• Input data
┌──

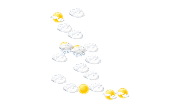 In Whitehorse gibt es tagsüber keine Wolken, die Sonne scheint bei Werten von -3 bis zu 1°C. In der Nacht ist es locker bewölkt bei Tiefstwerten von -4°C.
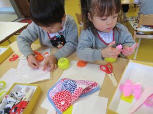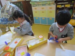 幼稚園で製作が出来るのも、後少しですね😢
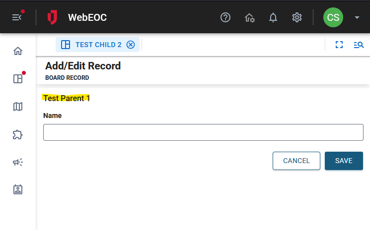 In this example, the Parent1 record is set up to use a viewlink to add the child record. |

└──

Repeat the material line for line. Pictures stay out of the copy.

• Finished exercise
 In Whitehorse gibt es tagsüber keine Wolken, die Sonne scheint bei Werten von -3 bis zu 1°C. In der Nacht ist es locker bewölkt bei Tiefstwerten von -4°C.
 幼稚園で製作が出来るのも、後少しですね😢
 In this example, the Parent1 record is set up to use a viewlink to add the child record. |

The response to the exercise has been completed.